═════ Provided information ═════

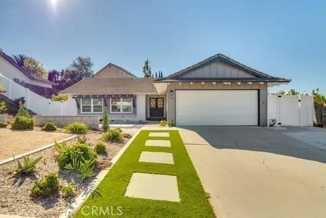 This beautiful completely renovated 3 bedroom, 2 bath home is situated on a large corner lot. It has a new AC, Heater, New windows new oversized slider doors, new flooring, , water heater and new garage door and an upgraded Electrical panel. It also has new landscaping in the front and back. This home has been completely renovated from top to bottom. The renovation created a beautiful open floor plan that lets in alot of light with new quartz countertops and new appliances, creating a beautiful light and bright home. The updated master bedroom has cathedral ceilings and a new slider overlooking the green artificial grass in the backyard, making it a peaceful lovely master retreat. The redesign includes a large walk-in closet, and the master bath is a beautiful spa like bathroom that includes a vanity area and tile throughout. Extra parking has been created to 3 cars in driveway. Newer fence in front. It has new landscaping with drought tolerant watering system and a wonderful front courtyard with a new built wall that has electrical running to it. Great for parties with friends. It is like buying a new home but with very little left to do. The roof is newer and has tile wood like material that will stand the test of time.
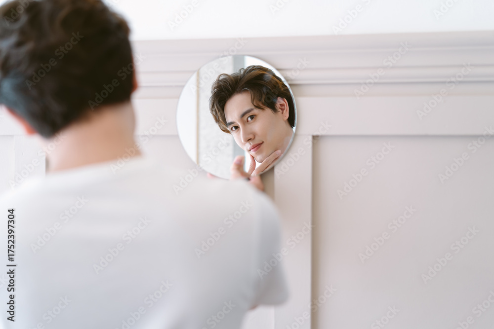 Asian man in a white t-shirt looks at his reflection in a round mirror, gently touching his face with a confident smile.conveys self-care, confidence, and grooming awareness in a bright at home.
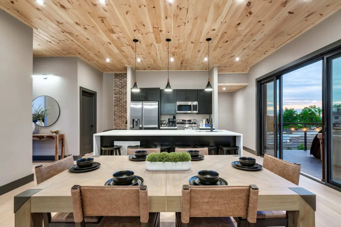 The fully equipped kitchen is a dream for food lovers and entertainers alike. Featuring high-end appliances, a spacious island with seating, and a stunning wooden ceiling, this kitchen is built for everything from casual breakfasts to gourmet dinners. Whether you’re sipping coffee at sunrise or sharing stories over a late-night snack, this space is the heart of the home.
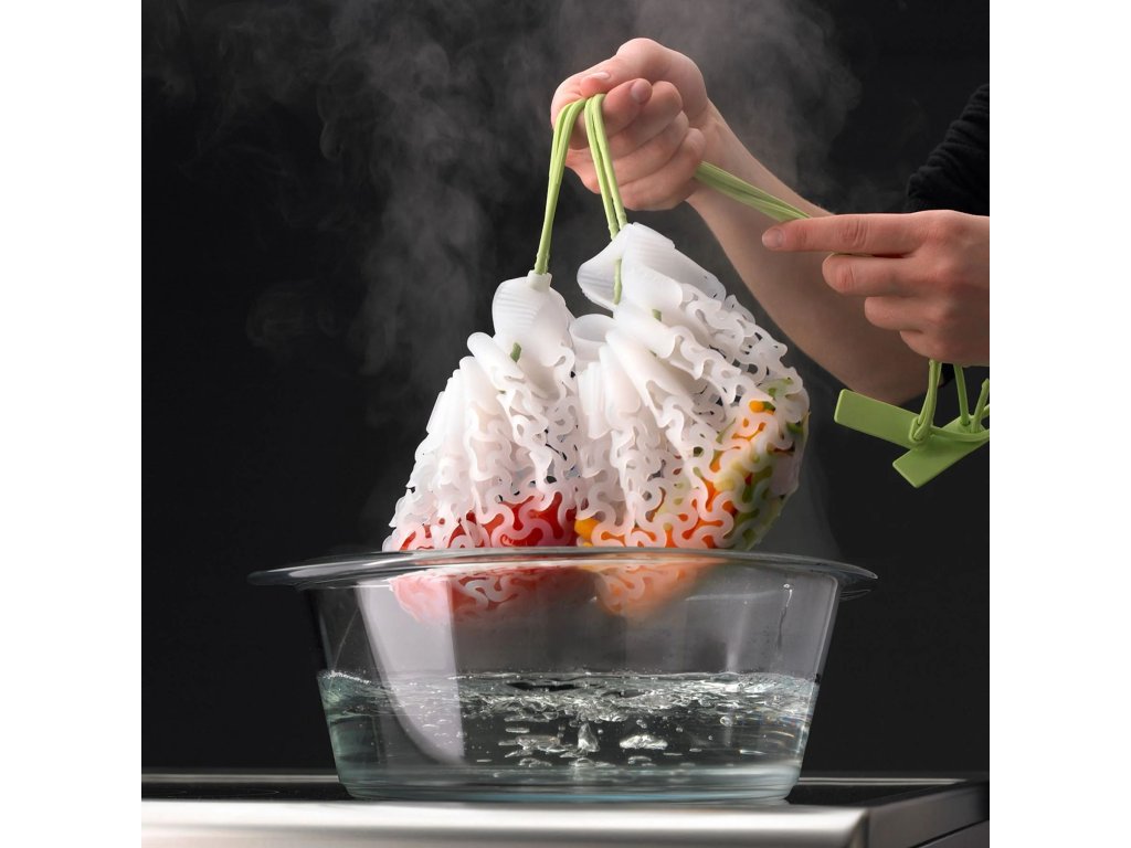 - A clever silicone strainer that allows you to cook different ingredients in the same pot, but separately - each for exactly as long as it needs.
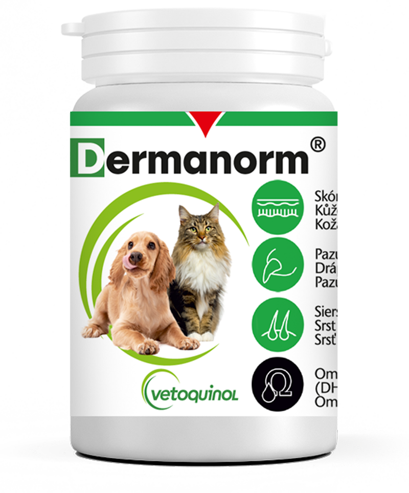 Dermanorm® spełnia zapotrzebowanie na niedobory omega-3 i omega-6, które są konieczne dla prawidłowego funkcjonowania skóry i jej wytworów (sierść, pazury itp.).
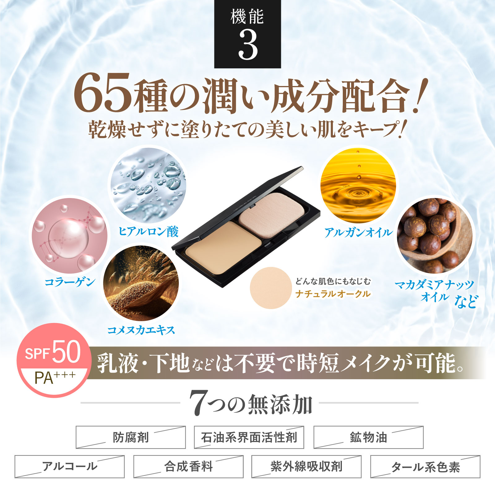 機能3:65種の潤い成分配合で、乾燥せずに塗りたての美しい肌をキープ!
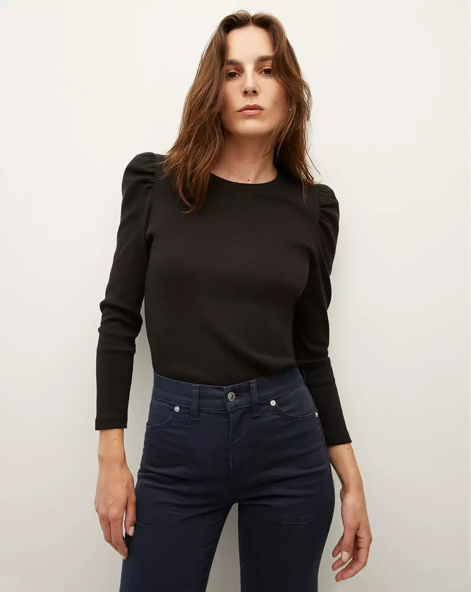 The classic tee with a feminine twist—meet the Britney. Made from premium cotton—with stretch for ease—this everyday go-to features puffed long sleeves and an easy, relaxed fit. Wear with your favorite jeans and dickey jacket, or try mixing prints by pairing it with a floral skirt—this is great on its own or as a layering essential.

═════

**Your instructions**
Please repeat, exactly as written, the lines in the records above, starting with the one that has "Dermanorm® spełnia zapotrzebowanie" and going on through the one that has "機能3:65種の潤い成分配合で、乾燥せずに塗りたての美しい肌をキープ!". Pictures are to be left out.

**Solution**
 Dermanorm® spełnia zapotrzebowanie na niedobory omega-3 i omega-6, które są konieczne dla prawidłowego funkcjonowania skóry i jej wytworów (sierść, pazury itp.).
 機能3:65種の潤い成分配合で、乾燥せずに塗りたての美しい肌をキープ!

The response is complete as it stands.